In coming months, it’s likely that the Queensland government will engage in some community conversations about the need for a Human Rights Act. Readers of the Alternative Law Journal might like to engage in that conversation.

(2015) 40(3) AltLJ 213


Coordinating community legal information and publications

James Farrell

Queensland’s legal assistance services provide information to the community about their rights and responsibilities. This ‘community legal education’ can be undertaken face-to-face (one-on-one or to groups), or through the provision of information and publications.

There are some concerns expressed (generally from government funders) that there is unnecessary duplication of information and publications by legal assistance services (Legal Aid, community legal centres, Aboriginal and Torres Strait Islander Legal Services, and Aboriginal Family Violence Prevention Legal Services).
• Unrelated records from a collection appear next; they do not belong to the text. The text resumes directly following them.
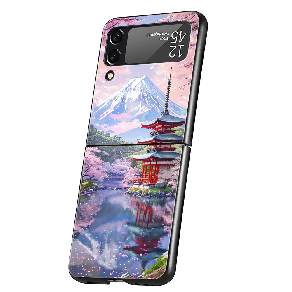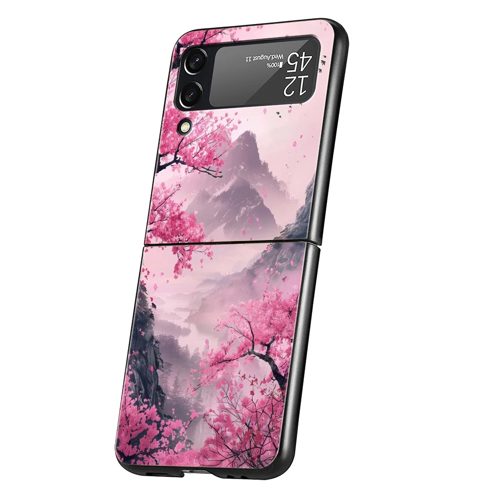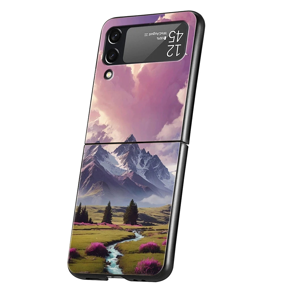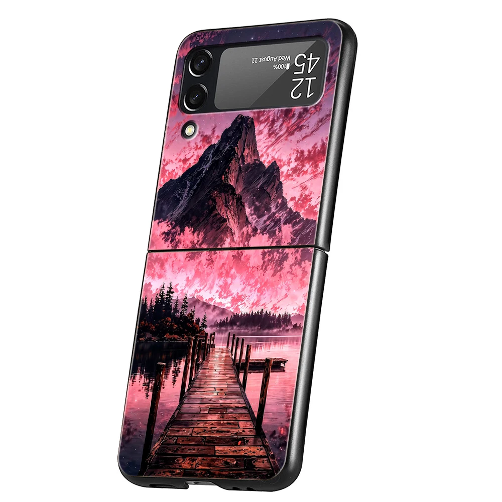 Hard PC Phone Case For Samsung Galaxy Z Flip 7 6 5 4 Black Cover For Galaxy Z Flip 3 Foldable Shockproof Pink Sunset Mountain
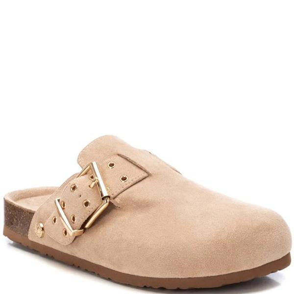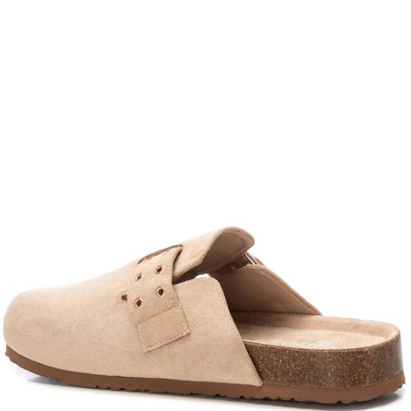 Step into effortless style with the Refresh Women's Flat Strap Clog Sandal in Beige Suede. Designed for all-day comfort, this backless clog features a soft faux-suede upper, an adjustable gold-tone buckle strap, and a contoured footbed for maximum support.
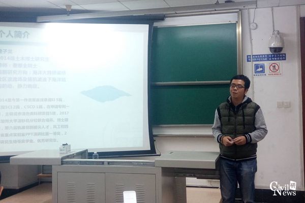 2016年11月4日下午15:50,由我院研究生会学术部承办的“土木大讲堂之师兄师姐面对面”首场分享会在九里校区4304A举行。本次分享会的主讲人为2014级土木博士研究生遆子龙。
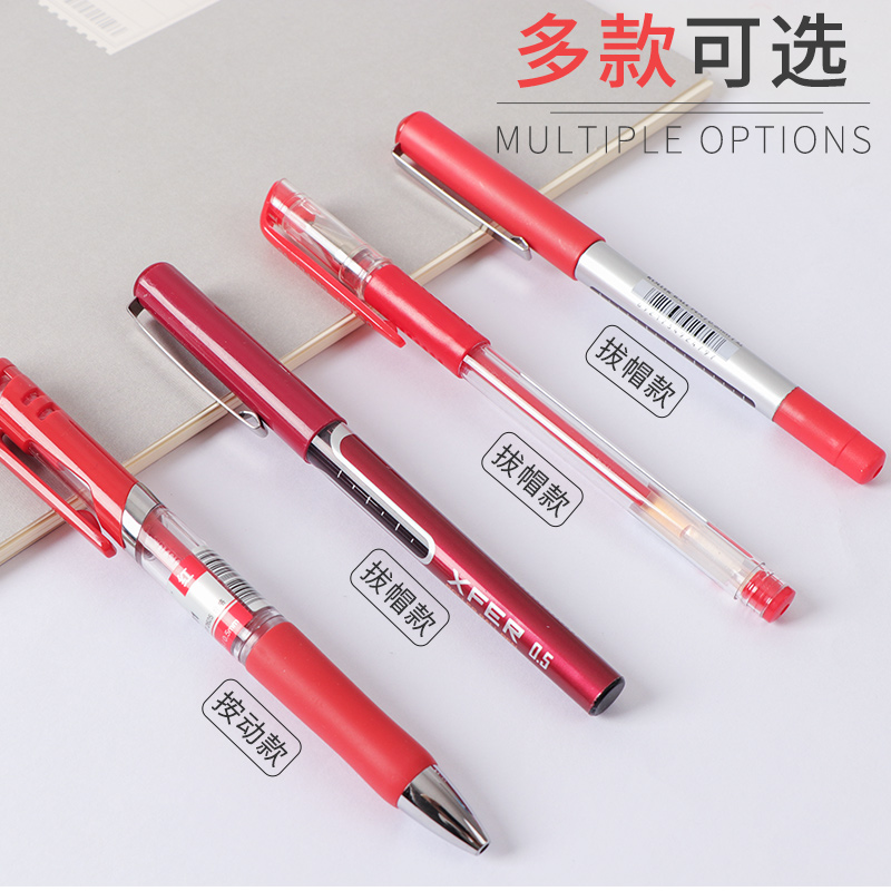 「12支装!送20支笔芯」得力红笔学生老师用批改作业红色中性笔按动0.5水笔签字笔

Legal assistance services have produced 422 separate publications in recent years, and there is no meaningful duplication in any of these materials. There are valid reasons explaining some limited duplication in some materials, including the specific needs of target audiences, differences in access to services etc.

Despite the lack of duplication and the existing coordination and collaboration, Queensland legal assistance services do continually work to improve their processes. This project examined processes in other jurisdictions to coordinate the development of legal information and publications, and existing mechanisms in Queensland. QAILS found that Queensland’s legal assistance services’ collaborative and coordinated approach ensure limited duplication without sensible justification, but there is the opportunity to improve.